(DATA SHOWN)
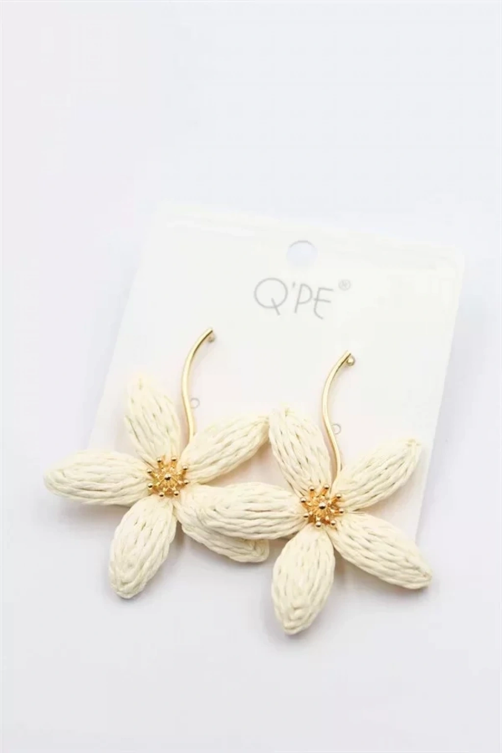 HERŞEYTREND Hasır Çiçek Küpe - Krem
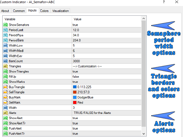 - If you want to experiment and try different settings you can open Indicator list , choose AI_Semaphore+ABC and click on " Inputs " tab.
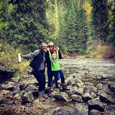 Jenny camping with her friend Katie and family.
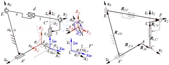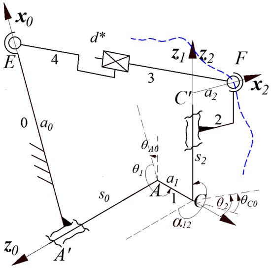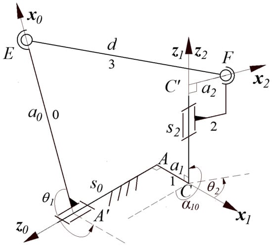 As per the Denavit–Hartenberg convention [], the coordinate systems of three components of the spatial five-bar linkage are established. These include the fixed coordinate system {A′, x0, y0, z0} for frame 0, the coordinate system {C, x1, y1, z1} for link 1, and the coordinate system {C′, x2, y2, z2} for link 2. Two ball centers point F (a2 cosθC0, a2 sinθC0, s2) and E (s0, −a0 sinθA0, a0 cosθA0) are, respectively, expressed in terms of the parameters of the linkage. A closed-loop vector equation is formulated to articulate the geometric relationships within the spatial five-bar linkage.
(End DATA SHOWN)
Output the lines above verbatim, images excluded.

 HERŞEYTREND Hasır Çiçek Küpe - Krem
 - If you want to experiment and try different settings you can open Indicator list , choose AI_Semaphore+ABC and click on " Inputs " tab.
 Jenny camping with her friend Katie and family.
 As per the Denavit–Hartenberg convention [], the coordinate systems of three components of the spatial five-bar linkage are established. These include the fixed coordinate system {A′, x0, y0, z0} for frame 0, the coordinate system {C, x1, y1, z1} for link 1, and the coordinate system {C′, x2, y2, z2} for link 2. Two ball centers point F (a2 cosθC0, a2 sinθC0, s2) and E (s0, −a0 sinθA0, a0 cosθA0) are, respectively, expressed in terms of the parameters of the linkage. A closed-loop vector equation is formulated to articulate the geometric relationships within the spatial five-bar linkage.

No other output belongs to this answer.